Man-in-the-middle attacks

• A man-in-the-middle attacker entices computers to log into a computer which is set up as a soft AP (Access Point).
  
• The hacker connects to a real access point through another wireless card offering a steady flow of traffic through the transparent hacking computer to the real network. The hacker can then sniff the traffic.
  
• One type of man-in-the-middle attack relies on security faults in challenge and handshake protocols to execute a “de-authentication attack”. This attack forces AP-connected computers to drop their connections and reconnect with the cracker’s soft AP.
• Man-in-the-middle attacks are enhanced by software such as LANjack and AirJack, which automate multiple steps of the process.

Denial of service

• A Denial-of-Service attack (DoS) occurs when an attacker continually bombards a targeted AP (Access Point) or network with bogus requests, premature successful connection messages, failure messages other commands.
  
• These cause legitimate users to not be able to get on the network and may even cause the network to crash.
  
• These attacks rely on the abuse of protocols such as the Extensible Authentication Protocol (EAP).

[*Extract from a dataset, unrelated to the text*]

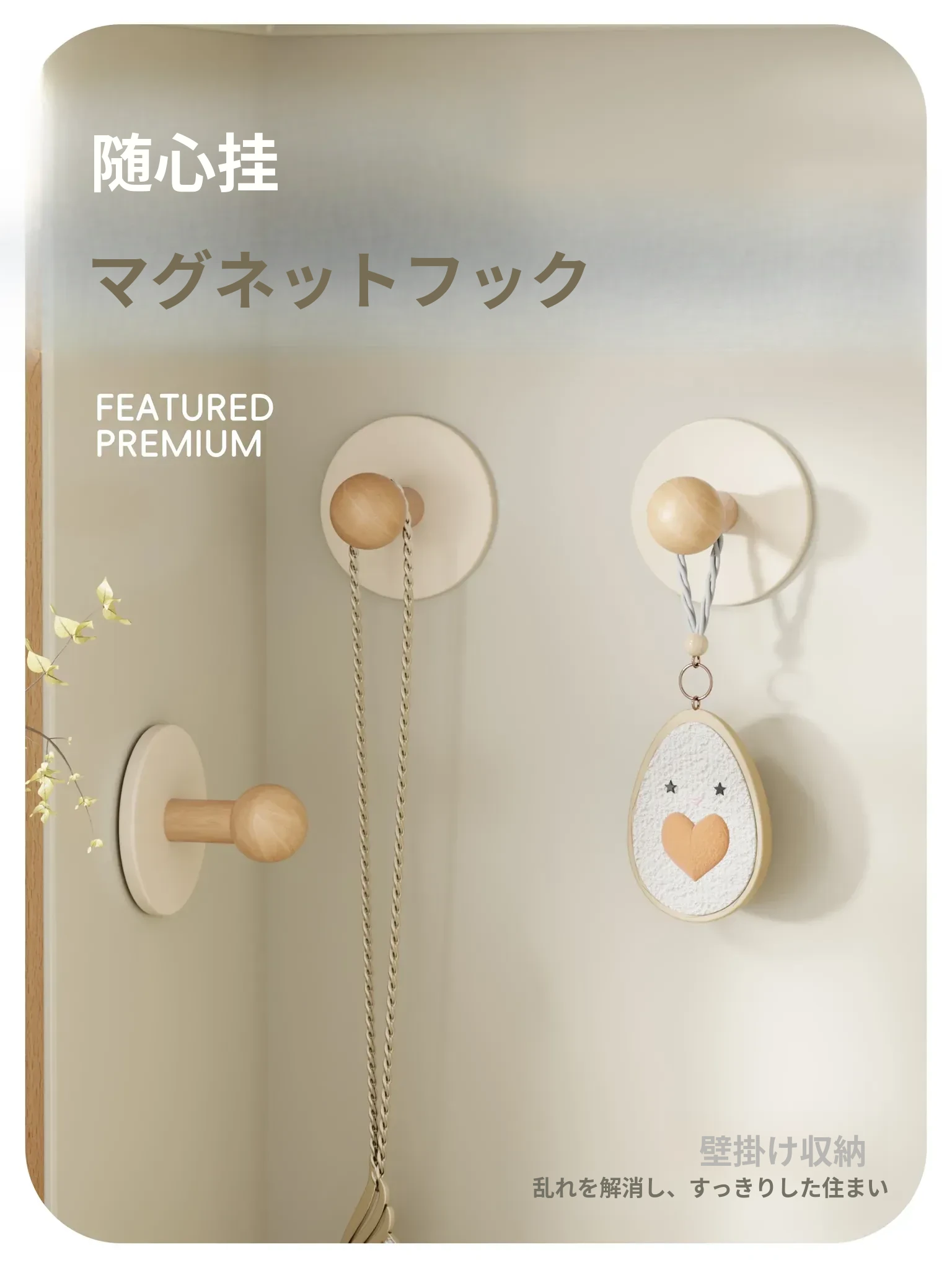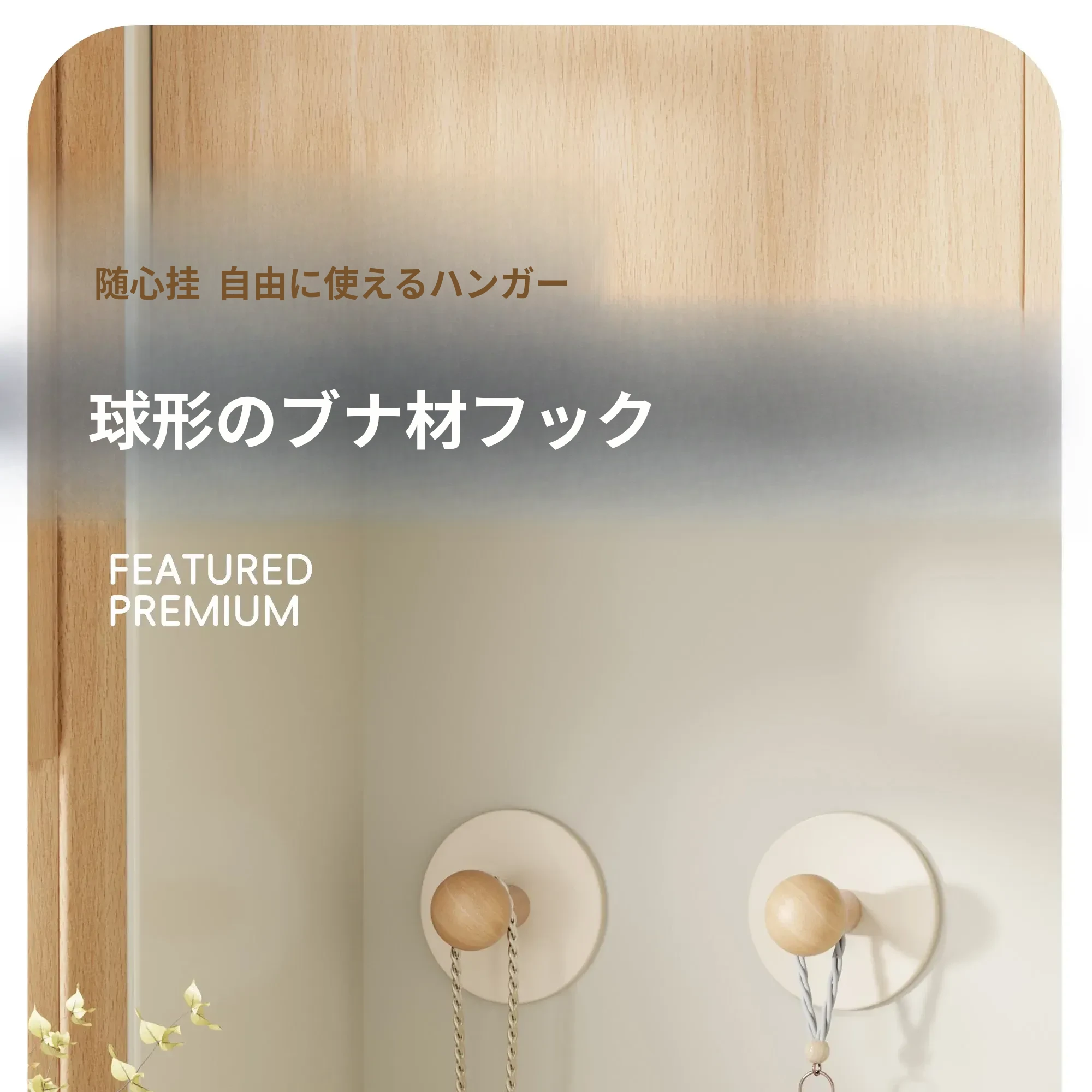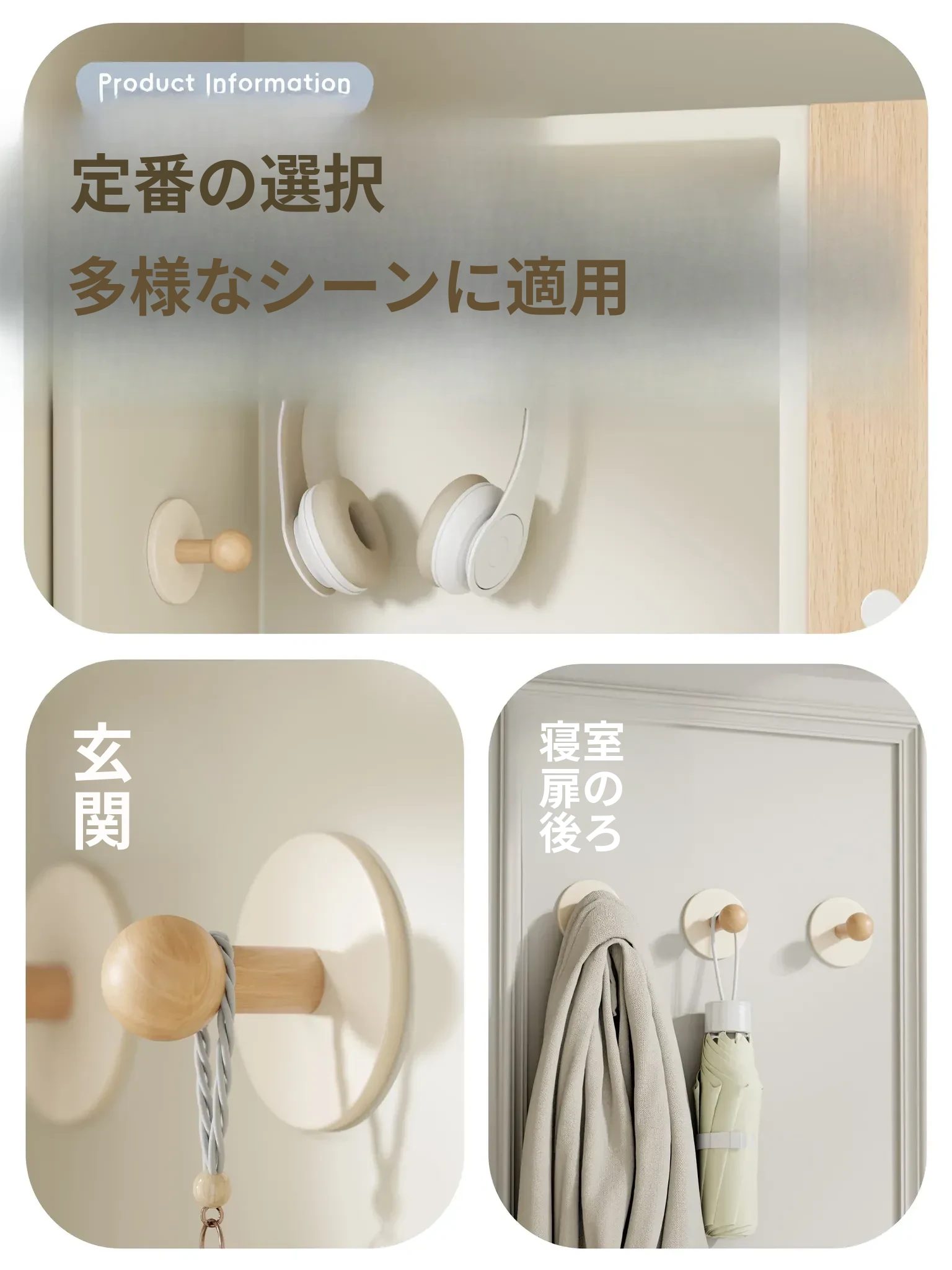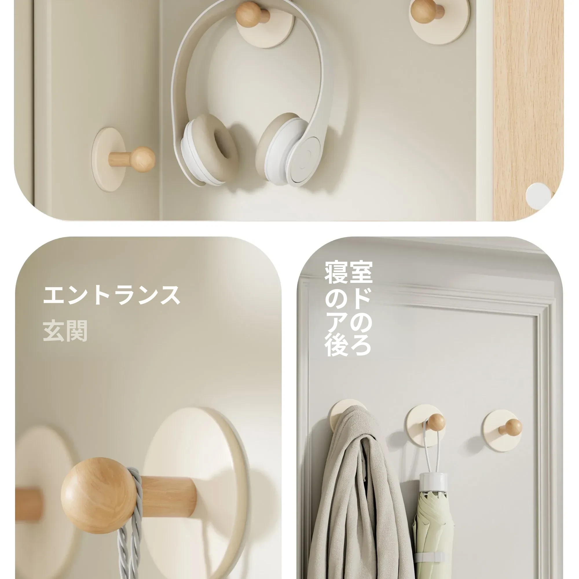 強力粘着フック - 取り付け不要!バスルームドアの後ろに最適なクリーム風デザイン。タオルや衣類をスマートに収納!壁にぴったり貼り付けることができる実木製のスタイリッシュなフック。

• The DoS attack in itself does little to expose organizational data to a malicious attacker, since the interruption of the network prevents the flow of data and actually indirectly protects data by preventing it from being transmitted.
  
• The usual reason for performing a DoS attack is to observe the recovery of the wireless network, during which all of the initial handshake codes are re-transmitted by all devices, providing an opportunity for the malicious attacker to record these codes and use various "cracking" tools to analyze security weaknesses and exploit them to gain unauthorized access to the system.

Network injection

• In a network injection attack, a cracker can make use of access points that are exposed to non-filtered network traffic, specifically broadcasting network traffic.
  
• The cracker injects bogus networking re-configuration commands that affect routers, switches, and intelligent hubs. A whole network can be brought down in this manner and require rebooting or even reprogramming of all intelligent networking devices.